Here we define which assert statements are relevant for us. 


* TODO: Explain why we look for only these specific statements 
* TODO: Check for other asserts too? 



In [4]:
# Define which assert functions to look for
approximation_asserts = ["assertAlmostEqual", "assertAlmostEquals", "assertAllClose", "assertAllLessEqual",
                         "assertAllCloseAccordingToType", "assertArrayNear", "assert_list_pairwise",
                         "assertNear", "assertLess", "assertAllLess", "assertLessEqual", 
                         "assertNDArrayNear", "assert_allclose", "assert_array_almost_equal",
                         "assert_almost_equal","assert_array_less", 
                         "isclose", "allclose", "gradcheck", "gradgradcheck"]

# TODO Check for these too?
bool_asserts = ["assertTrue", "assertFalse","assertIs","assertIsNot"]

other_asserts = ["assertAllEqual","assertEquals", "assertEqual", "assertAllGreater",
                                                          "assertAllGreaterEqual", "assertAllInRange", "assertAllInSet",
                                                          "assertCountEqual", "assertDTypeEqual", "assertDictEqual",
                                                          "assertSequenceEqual", "assertShapeEqual",
                                                          "assertTupleEqual", "assert_array_equal"]

### Create a custom printer/logger for later debugging

In [5]:
LOG_ALL = 0
LOG_FINAL = 1

class CustomLogger():
    def __init__(self, print_mode=LOG_FINAL):
        """Open Log and set print mode. LOG_FINAL prints only output for users. Other log modes are for debugging."""
        self.print_mode = print_mode
    
    def add(self, string, mode=LOG_ALL):
        """Add text to the log and print if it matches the chosen print_mode"""
        #TODO Write string to txt file 
        
        # print the string if print mode matches
        if mode >= self.print_mode:
            print(string)

### Traversing the tree via NodeVisitor

Since we are only interested in functions calls within the library's testing code, we use `visit_Call` to check each function call node if it is (1) an assert call and (2) if it uses a differential test oracle, i.e. another function call for comparison. 

As an example we will use the `kernel_tests/distributions/gamma_test.py` file of TensorFlow version [2.5.0](https://github.com/tensorflow/tensorflow/releases/tag/v2.5.0), which tests the gamma distribution functions.
In this file there are many differential test cases. For example the assert statements in lines 77 and 143 are both differntial tests.  

The `gamma_test` file uses the scipy library for differential testing.
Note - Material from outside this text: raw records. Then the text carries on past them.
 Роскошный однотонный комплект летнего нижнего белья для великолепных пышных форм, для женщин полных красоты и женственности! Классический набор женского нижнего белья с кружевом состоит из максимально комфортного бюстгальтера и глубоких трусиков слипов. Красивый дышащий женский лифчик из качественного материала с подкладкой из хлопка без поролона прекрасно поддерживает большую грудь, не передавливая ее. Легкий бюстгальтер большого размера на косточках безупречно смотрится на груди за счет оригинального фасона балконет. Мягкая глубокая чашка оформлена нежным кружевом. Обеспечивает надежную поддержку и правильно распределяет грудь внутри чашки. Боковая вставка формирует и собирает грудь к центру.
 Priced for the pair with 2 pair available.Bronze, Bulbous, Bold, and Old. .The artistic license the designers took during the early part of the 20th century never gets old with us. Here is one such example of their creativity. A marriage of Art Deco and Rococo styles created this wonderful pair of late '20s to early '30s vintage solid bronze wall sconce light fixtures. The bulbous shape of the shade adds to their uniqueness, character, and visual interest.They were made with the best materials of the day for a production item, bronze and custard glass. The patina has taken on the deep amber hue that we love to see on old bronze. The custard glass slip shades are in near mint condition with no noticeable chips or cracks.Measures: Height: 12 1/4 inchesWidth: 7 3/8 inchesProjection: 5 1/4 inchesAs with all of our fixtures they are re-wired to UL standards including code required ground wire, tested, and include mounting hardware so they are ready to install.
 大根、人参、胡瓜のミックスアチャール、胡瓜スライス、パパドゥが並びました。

Many test cases in this file, for example the function `testGammaLogPDF` compares some part of TensorFlows own `tensorflow.python.ops.distributions.gamma` to the corresponding part in `scipy.stats.gamma`, e.g. comparing both log probability density functions at multiple points.
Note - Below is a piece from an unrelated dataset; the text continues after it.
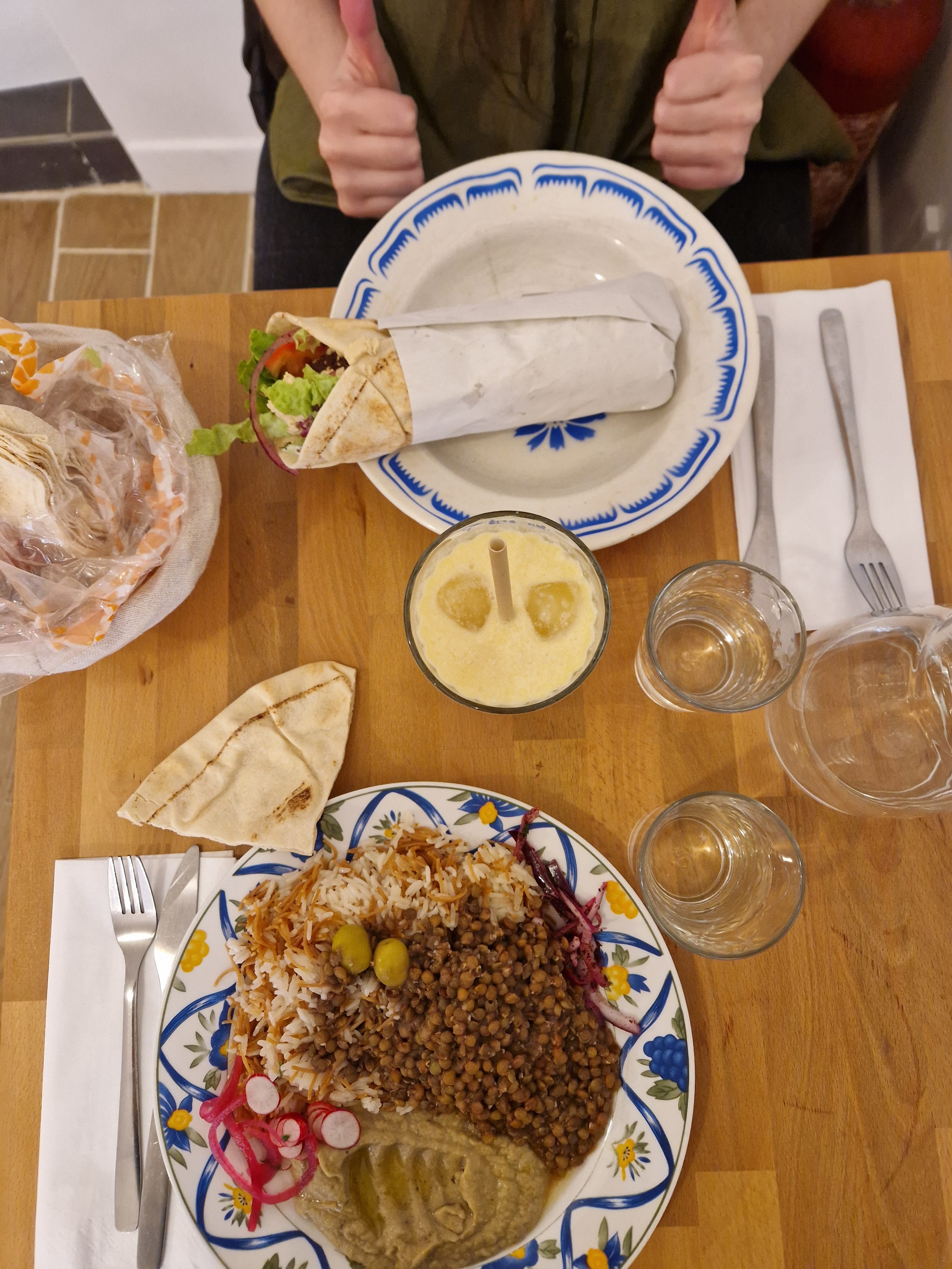Superbe expérience, le repas était super bon, l'ambiance est incroyable, les gérants sont super sympathique, merci pour le repas J'ai pris le plat du jour, du caviar d'aubergine avec du riz libanais et des lentilles, phénoménal, une assiette qui vaut son prix

TODO Explain how we can detect a differential oracle in the AST (i.e. by finding the stats function used as comparison)  
TODO Trail back the oracle to a definition outside the function call, because the oracle might be an argument in the function definition

*Resource ast https://greentreesnakes.readthedocs.io/en/latest/manipulating.html*  
*Resource astor https://astor.readthedocs.io/en/latest/*

In [43]:
class TreeTraverser(ast.NodeVisitor):
    def __init__(self):
        
        # always stores the last function definition node that was visited
        self.last_function_definition_node = None
        
    def visit_Call(self, node):
        
        # (1) Identify if it is an assert call that we are looking for:
        
        # for nodes that call a function directly (statically), e.g. assert(...)
        # this is usually not the case for asserts
        if isinstance(node.func, ast.Name):
            
             # if the name of the called function contains "assert"
            if 'assert' in node.func.id:
                log.add("NEW FOUND: " + node.func.id)
            
        
        # for nodes that call a function of an object, e.g. self.assert(...)
        elif isinstance(node.func, ast.Attribute):
            
            # if the name of the called function is one we are searching for
            if node.func.attr in approximation_asserts:
                
                # print the assert function name and line number
                log.add("______________" + node.func.attr + "__(line " + str(node.lineno) + ")______________", mode=LOG_FINAL)
                
                # print the node and its structure
                log.add(ast.dump(node, indent='\t') + '\n')
                log.add("Found in: " + self.last_function_definition_node.name + "\n")
                
                # (2) Identify if the assert call uses a differential test oracle:
                
                # Store arguments of the assert call
                assert_argument_position1 = node.args[0]
                assert_argument_position2 = node.args[1]
                
                # return the definitions of the arguments to check if they are differential testing functions
                definitions_arg1 = self._getDefinition(assert_argument_position1)
                definitions_arg2 = self._getDefinition(assert_argument_position2)
                
                # check which node is the oracle
                if definitions_arg1 is not None:
                    for definition in definitions_arg1:
                        # print the ast structure of the definitions
                        log.add("\n(line " + str(definition.lineno) + ")\narg1 = " + ast.dump(definition, indent='\t') + '\n')
                        log.add("Extracted name arg1: " + self._getDifferentialOracleName(definition) + "\n", mode=LOG_FINAL)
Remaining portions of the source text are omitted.